Está en la página 1de 1

En esta tarde, Cristo del Calvario, vine a rogarte para que apartes esta pandemia.

Pero, al mirarte, solo pude sentir vergüenza.


No merezco, Señor, tu perdón, ni tu amor, ni tu salvación.
Solo puedo pedirte:
«Ayúdame, Señor, a dirigirme a ti desde lo profundo.
Me postro ante ti con dolor, para, como aquel buen ladrón,
pedir tu perdón con todo mi ser».

Me cuesta entender que, después de lo que he hecho contigo, Tú, mi Dios y Señor,
quieras ser el Esposo del Cantar de los Cantares que, desde la cruz, me dice:
«Alma mía, ven a mí»…
y clama, desde el patíbulo, con fuerza:
«Tengo sed de ti, sed de que tú, alma mía, tengas sed de mí.
Mírame, que por ti muero, y eternamente viviré, para estar siempre contigo».

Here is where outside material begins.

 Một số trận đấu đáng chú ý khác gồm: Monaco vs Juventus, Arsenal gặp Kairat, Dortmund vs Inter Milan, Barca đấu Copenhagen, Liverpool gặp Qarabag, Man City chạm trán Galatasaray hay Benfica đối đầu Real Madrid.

─ Pero, Señor, yo con mi lengua he difamado, he juzgado…


He dividido tu Cuerpo en pedazos con mis pecados.
Mis ojos han manchado el aposento que tú pusiste en mi cuerpo para morar en mí.
Mi alma está marchita, sucia con tanto lastre.
Y aún me extravías y confundes más cuanto más dolor siento,
pues más amor percibo al oírte decir al Padre: «Perdónalos, porque no saben lo que hacen».

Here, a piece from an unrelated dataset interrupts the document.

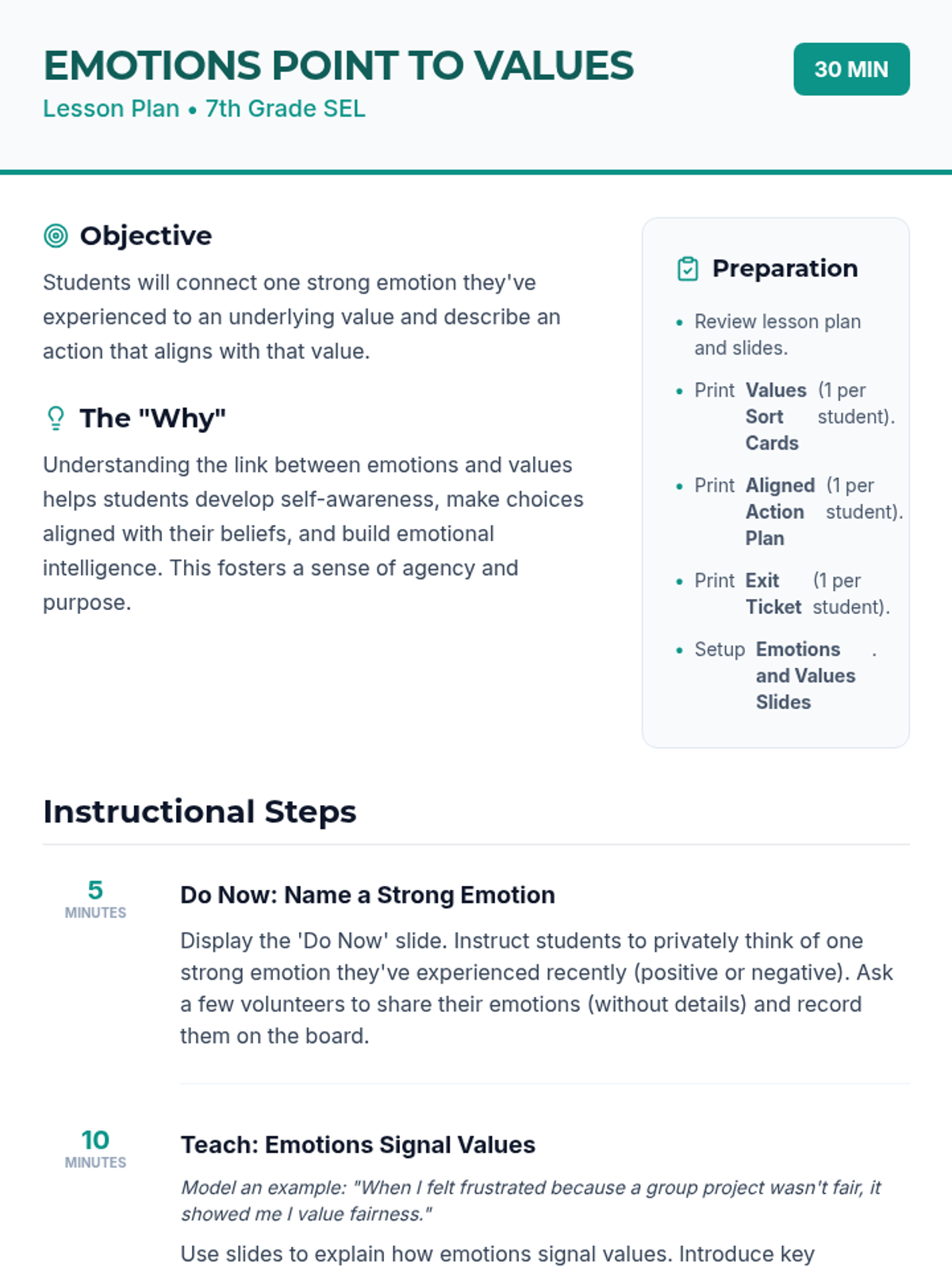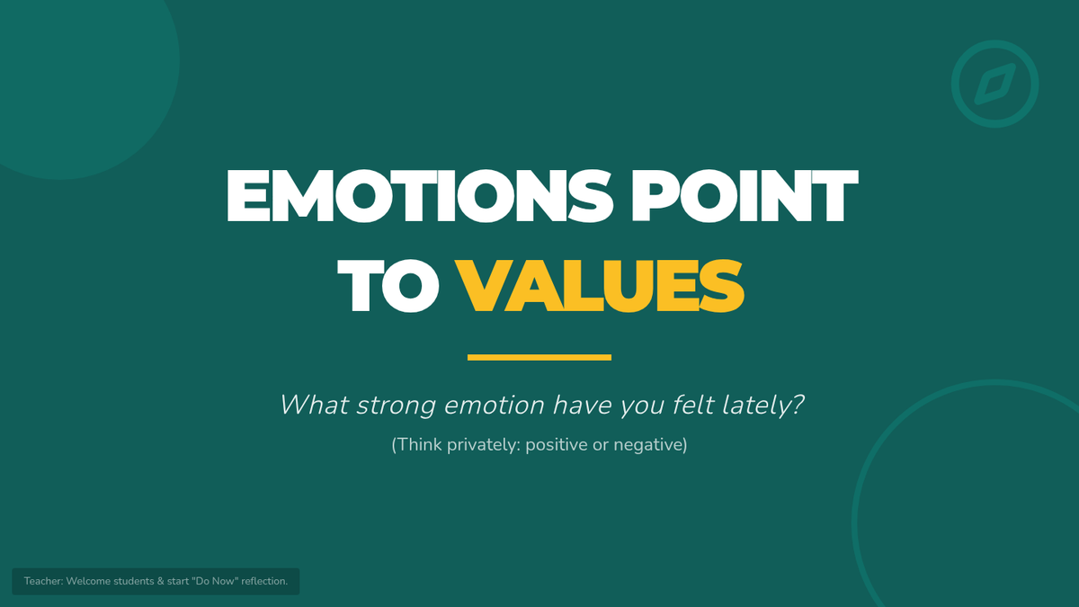 This 30-minute SEL lesson for 7th graders explores the connection between strong emotions and core values, helping students use their feelings as a compass for personal alignment and agency.

«Muchos pecados os han sido perdonados porque habéis amado mucho».


Son palabras tuyas y testimonio de amor, misericordia, compasión…
Palabras que, con tu muerte en la cruz, defines en un acto:
que jamás habrá Esposo que ame a nadie como lo haces Tú.

Gracias por rescatarme, entregando por mí hasta tu última gota.


Gracias por enseñarme a amar, uniéndonos a todos en Ti.
Gracias por dejarme todo tu ser en la Eucaristía.
Gracias por entregarme lo que más querías: a Tu Madre.

Y yo esta tarde Te tomo como la mayor recompensa de mi vida.